Probabilistic Reasoning
Input: $ARGUMENTS
Interpretations
Before executing, identify which interpretation matches the user’s input:
Interpretation 1 — Estimate a probability: The user wants to assign a well-calibrated probability to a specific outcome or claim — not a gut guess, but a structured estimate that accounts for base rates and evidence. Interpretation 2 — Make a decision under uncertainty: The user faces a choice where outcomes are uncertain and wants to reason through expected values, risk, and information value before committing. Interpretation 3 — Check probabilistic reasoning: The user has encountered (or produced) reasoning that involves probabilities and wants to audit it for common errors — base rate neglect, conjunction fallacy, anchoring, overconfidence, etc.
If ambiguous, ask: “I can help with estimating a probability, making a decision under uncertainty, or auditing probabilistic reasoning for errors — which fits?” If clear from context, proceed with the matching interpretation.
Core Principles
-
Base rates first. Before considering any specific evidence, find the base rate. How often does this type of thing happen in this reference class? Ignoring base rates is the single most common probability error.
-
Update incrementally, not narratively. Evidence should shift your probability estimate by a specific amount determined by its diagnosticity — not by how vivid or emotionally compelling it is. A dramatic anecdote and a dry statistic both get weighted by likelihood ratio, nothing else.
-
Probabilities are not feelings. “I feel like this will work” is not a probability. Translate every vague confidence into a number, then check: would you bet at those odds? If not, your stated probability is wrong.
-
Distinguish uncertainty from risk. Risk means known probability distribution. Uncertainty means you do not even know the distribution. Label which one you are dealing with. Methods for risk (expected value) fail under true uncertainty (need robustness, optionality).
-
Conjunction can only reduce. P(A and B) is always less than or equal to P(A) alone. Any estimate that makes a more specific scenario seem MORE likely than a general one has committed the conjunction fallacy. Check every compound estimate.
-
Calibration over precision. A well-calibrated “60-80%” is more useful than a false-precision “73.2%”. State ranges. Track whether your ranges actually contain the truth at the stated rate.

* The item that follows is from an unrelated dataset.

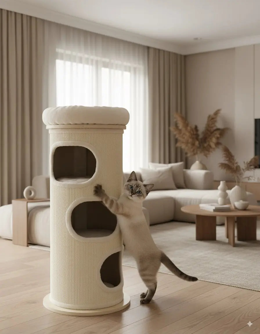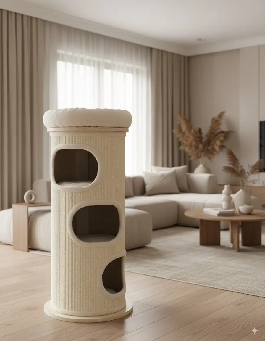 Die stabile Rundkonstruktion mit rutschfester Bodenplatte und komplett mit strapazierfähigem Sisal umwickelter Außenfläche hält selbst wildem Spiel stand. Langlebig, platzsparend und ideal für tägliche Krallenpflege, während deine Möbel geschützt bleiben.

Phase 1: STRUCTURE — Frame the Probabilistic Question
Step 1: Define What You Are Estimating
QUESTION: [Precise statement of what probability is being estimated]
TYPE: [Single event / Frequency / Conditional / Comparative]
REFERENCE CLASS: [What is the relevant base rate population?]
TIME HORIZON: [By when? Over what period?]
RESOLUTION CRITERIA: [How will we know if this happened or not?]
Rules:
- If the question is vague (“will this work?”), make it precise before proceeding
- Identify whether this is P(A), P(A|B), P(A and B), or P(A or B) — structure matters
- If multiple questions are embedded, separate them
Step 2: Establish the Base Rate
[P1] Base rate identification: Find the relevant reference class and its frequency.
Ask:
- What is the broadest reference class this belongs to?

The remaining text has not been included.